In the worldwide literature, few cases of the use of belatacept in patients with aHUS post kidney transplant have been documented.15 Merola et al. reported a patient with TMA secondary to the use of calcineurin inhibitors 18h after the transplant, being managed with eculizumab and replacing tacrolimus with belatacept, achieving full recovery of kidney graft function and free of recurrences at two years of follow-up.14 Dedhia et al. published a case of recurrent aHUS due to homozygous factor H mutation 14 days after kidney transplant, which was treated with eculizumab and replacing tacrolimus with belatacept, with recovery of kidney graft function and the patient remaining stable at 2.5 years of follow up.2 To our knowledge, this is the first case reported where belatacept and eculizumab are used in combination as preventative therapy for aHUS recurrence in a kidney transplant patient with a history of factor H mutation.

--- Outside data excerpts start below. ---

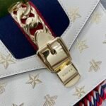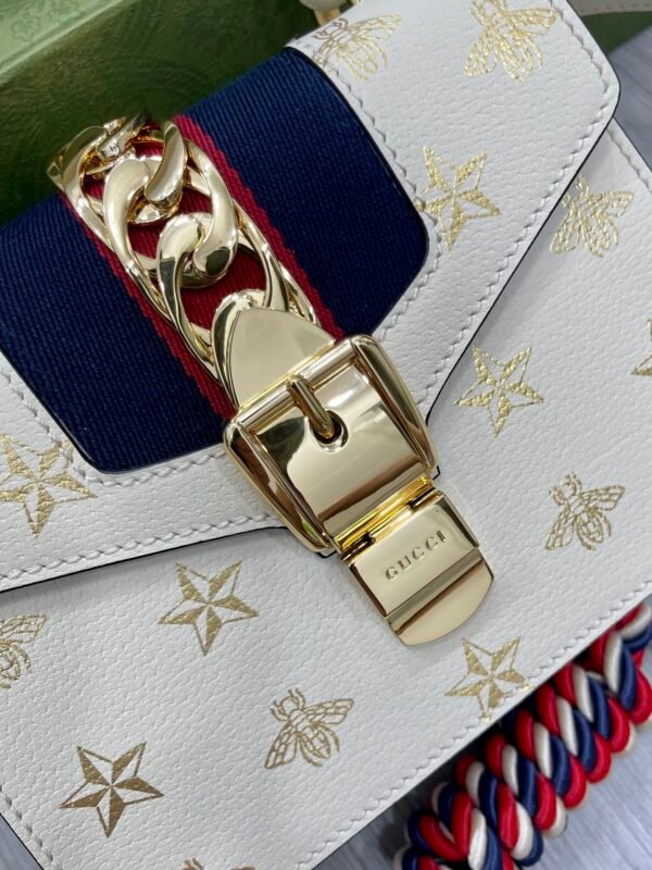 Crafted from pristine white smooth leather, this exquisite piece is brought to life by a striking metallic gold foil print featuring the house’s signature bees and stars—a whimsical combination that is truly mesmerizing. The bag’s focal point is the iconic Sylvie navy and red nylon Web stripe running down the center flap, secured by a heritage-inspired, chunky gold-tone chain and buckle closure.
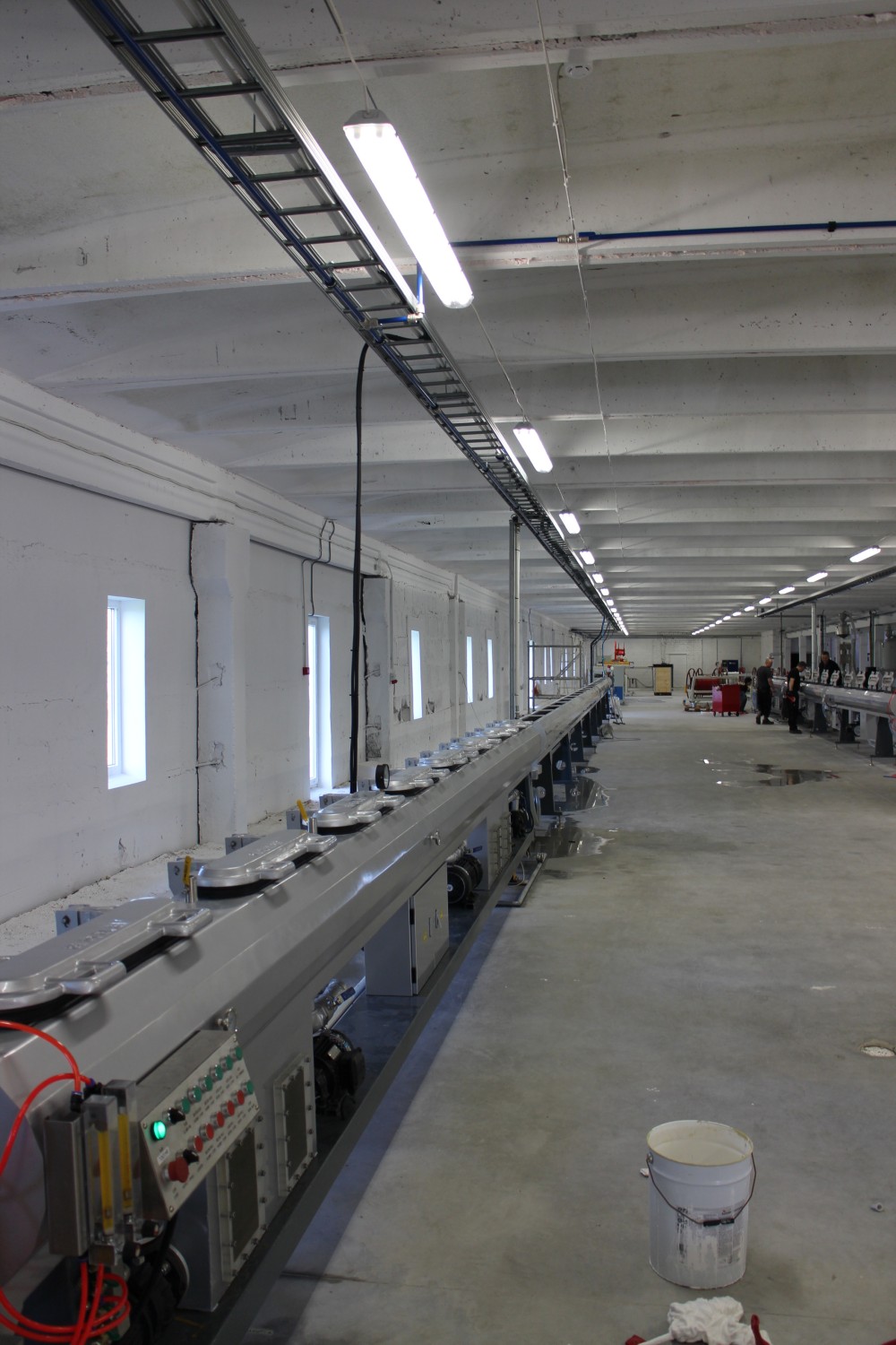 Esmalt seadme tootja juures vaadatud kliendiga kõik seadmed üle ning selle põhjal planeeritud kogu Eesti tehase lõplik masinate asetus koos teiste vajaminevate seadmetega. Enne tootmisliinide saabumist paigaldatud meie poolt kõik vajalikud kaabliredelid, teostatud seadmetega seoses kaabeldus, suruõhutrass koos kompressoriga ning lisaks tootmisliini jahutustorustik koos jahutiga. Meie poolt teostatud kõik vajalik, mis tootmiliinide käivituseks ja kasutuseks tarvis.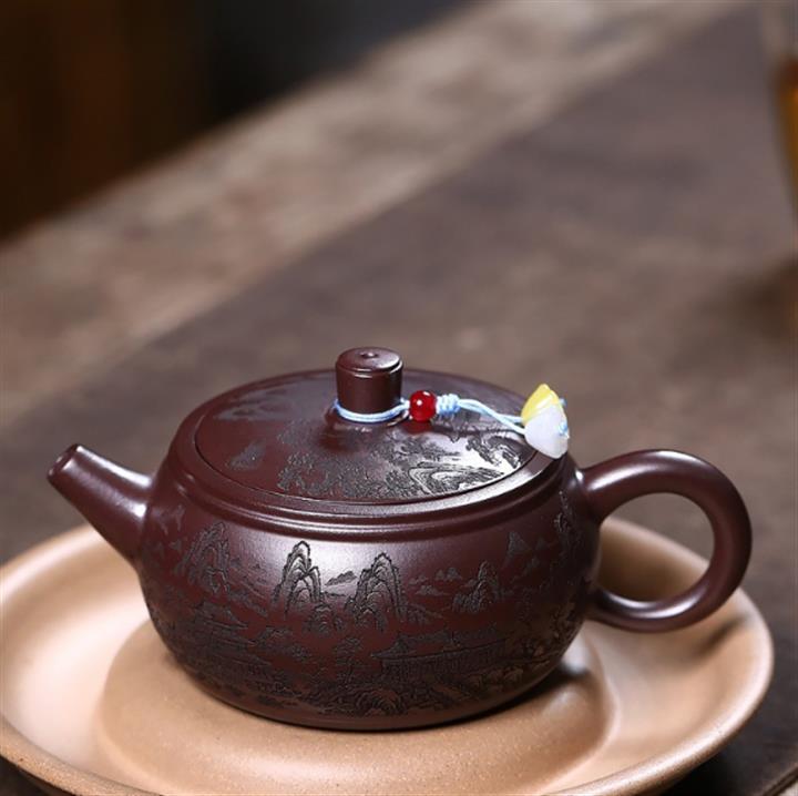 原礦紫泥山水樓閣井欄茶壺POT7916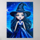 Dieses Fantasy-Poster besticht durch eine zauberhafte Hexe mit fließendem dunklem Haar und durchdringenden blauen Augen, einem sternenblauen Kleid um Mitternacht und hohen Hexen, die unter einem zauberhaften mondbeleuchteten Himmel hellen. Fertig als Mixed Media Art Print.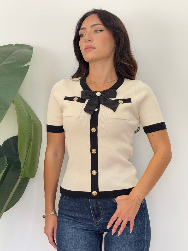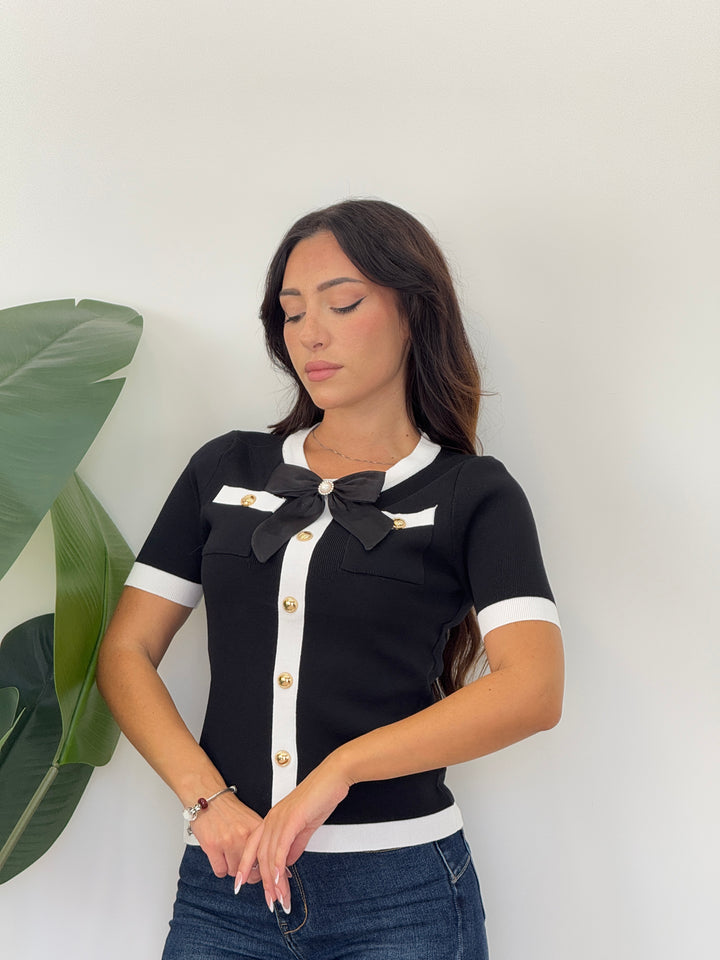 Maglia a maniche corte, dallo stile elegante, con bordature nere su collo e abbottonatura centrale. È arricchita da bottoni dorati frontali e da un grande fiocco nero applicato sotto il collo, che dona un tocco raffinato e femminile.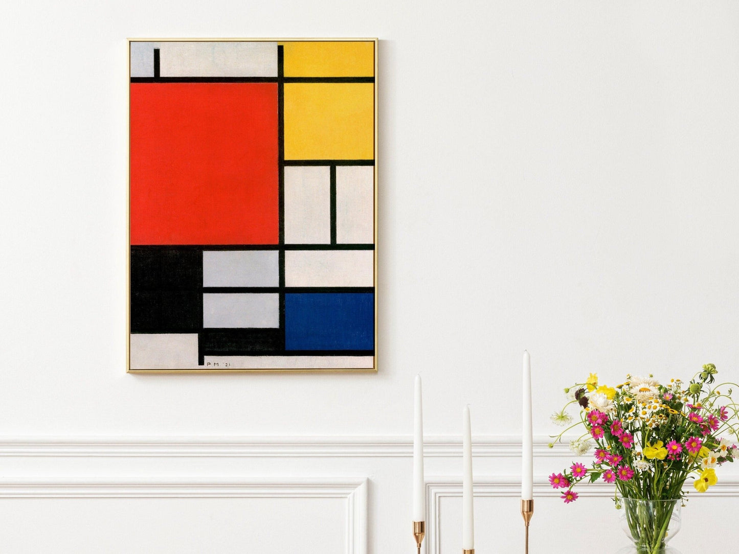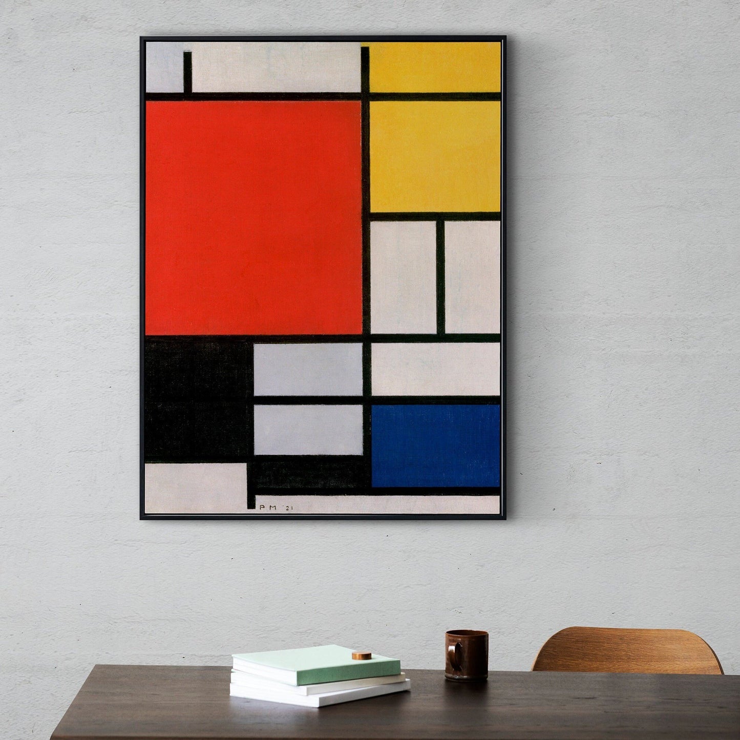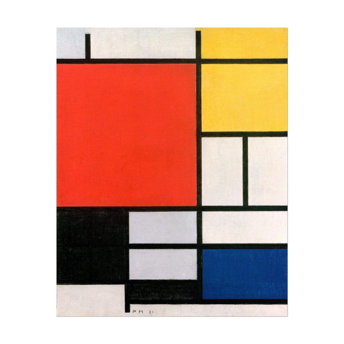 A classic abstract work titled 'Composition with Red, Yellow, Blue, and Black' by Piet Mondrian.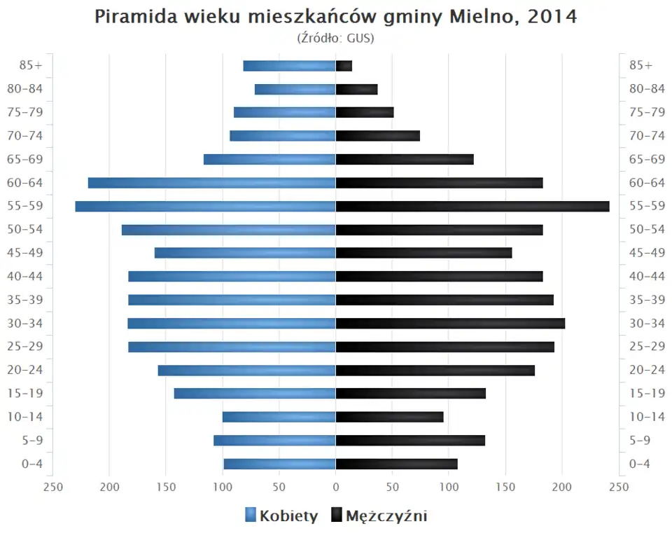 - Piramida wieku mieszkańców gminy Mielno w 2014 roku[8].
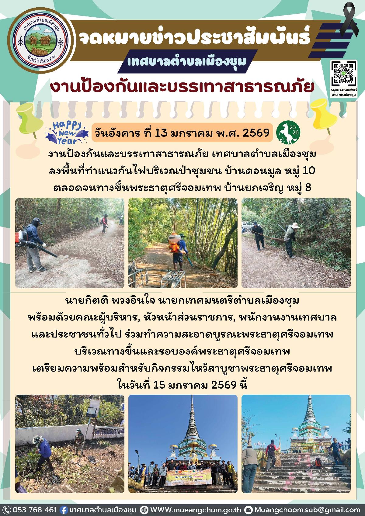 ทำแนวกันไฟบริเวณป่าชุมชน บ้านดอนมูล หมู่ 10 ตลอดจนทางขึ้นพระธาตุศรีจอมเทพ บ้านยกเจริญ หมู่ 8 และทำความสะอาดบูรณะพระธาตุศรีจอมเทพสำหรับกิจกรรมไหว้สาบูชาพระธาตุศรีจอมเทพ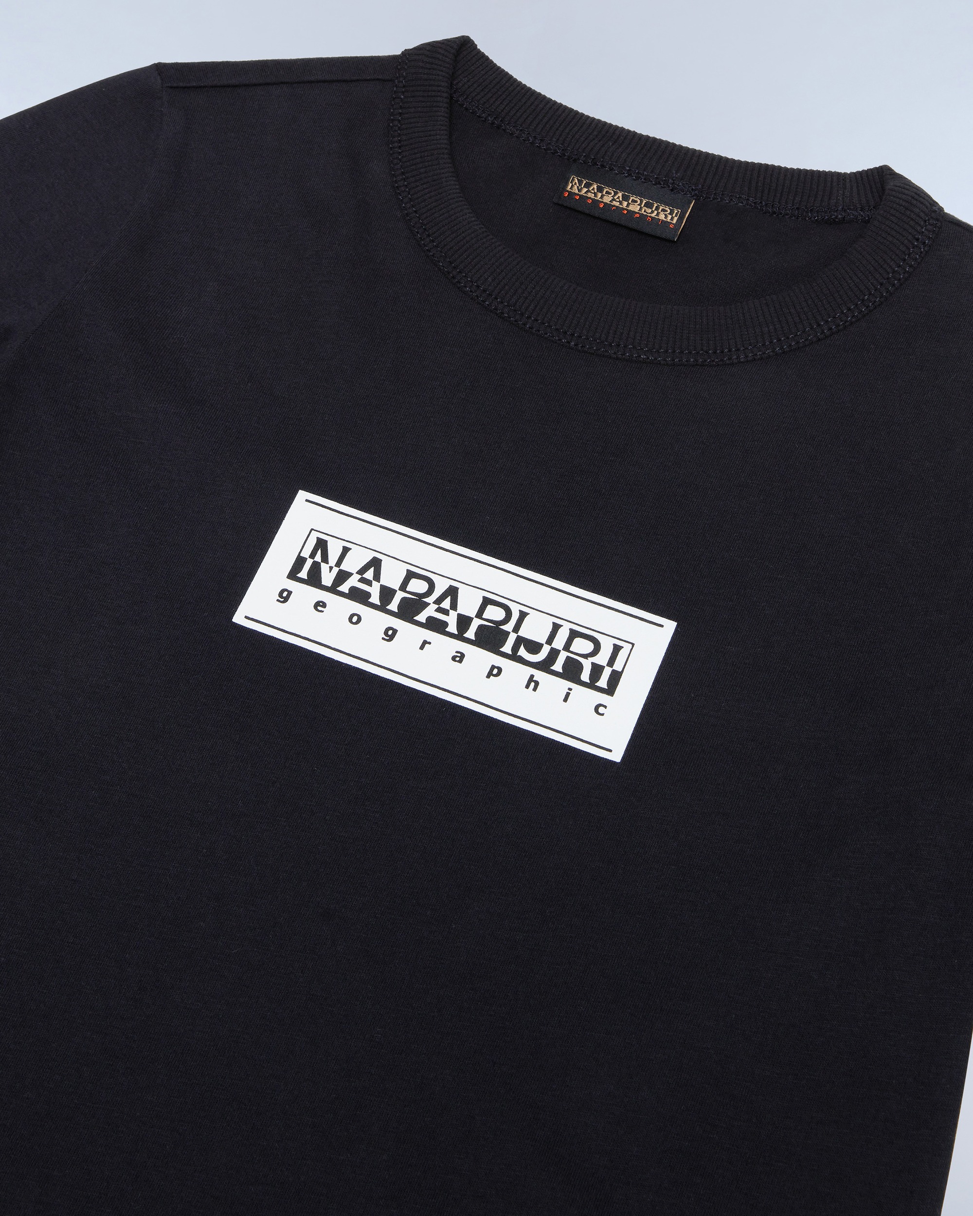 Simplu și curat, tricoul Chamois din 100% bumbac pentru copii are un prim strat cald și casual, datorită gulerului rotund, mânecilor lungi și graficului Napapijri Geographic pe piept.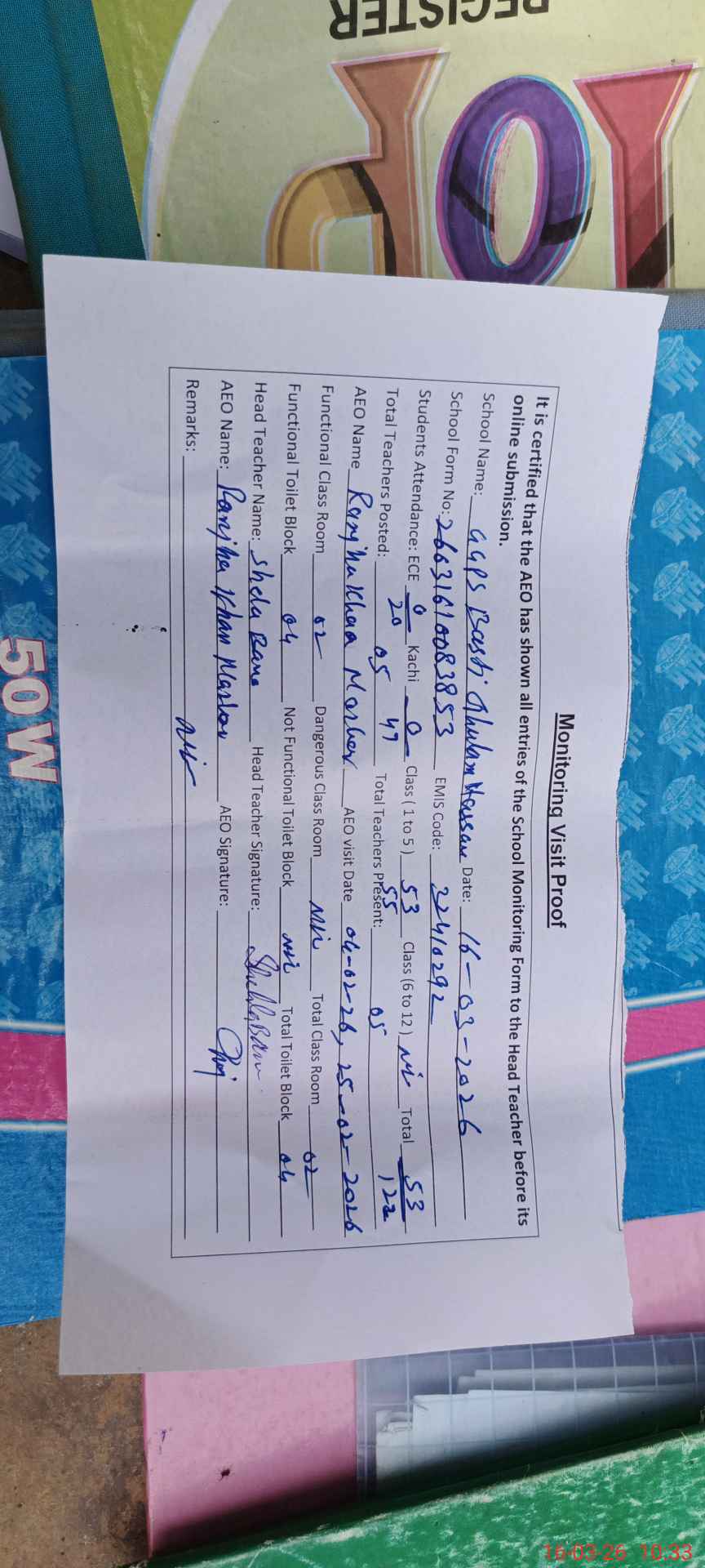 | EMIS Code: 32410292 | Name of School: GGPS BASTI GHULAM HASSAN | |||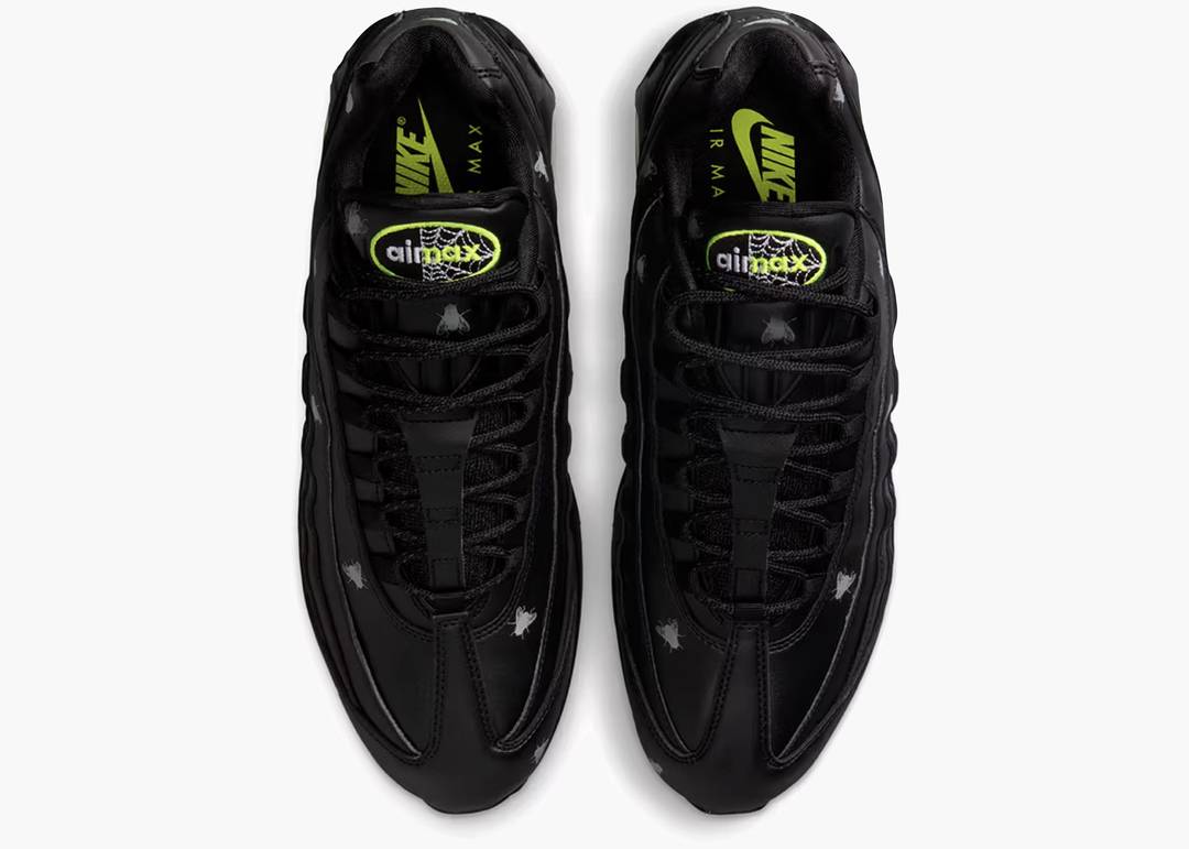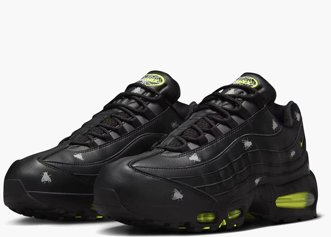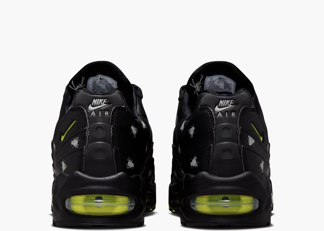 La Nike Air Max 95 Premium Houseflies combina una tomaia in pelle nera con dettagli riflettenti 3M che enfatizzano le sovrapposizioni. Gli accenti verde volt su unità Air, Swoosh e logo linguetta donano un tocco vivace a questo modello dall’anima dark. La suola traslucida con grafica a forma di insetto completa il design, creando un’estetica spettrale ideale per chi cerca un look originale e stagionale.

In conclusion, although kidney transplant in patients with aHUS is frequently associated with relapse and loss of kidney graft, there is currently the possibility of decreasing these risks with the new available therapies such as use of eculizumab and non TMA-inducers such as belatacept, increasing the possibilities of a successful kidney transplant. In the case reported, it was decided to start thymoglobulin induction as it was a highly sensitised patient and eculizumab to prevent the recurrence of aHUS and humoral rejection. As maintenance treatment, it was decided to use belatacept, mycophenolate, and steroids, avoiding potential TMA-inducing drugs such as calcineurin inhibitors, with adequate evolution being achieved to date.

The author John Fredy Nieto-Ríos declares that he has given talks about thrombotic microangiopathies sponsored by Alexion Pharma. All other authors declare that they have no conflicts of interest.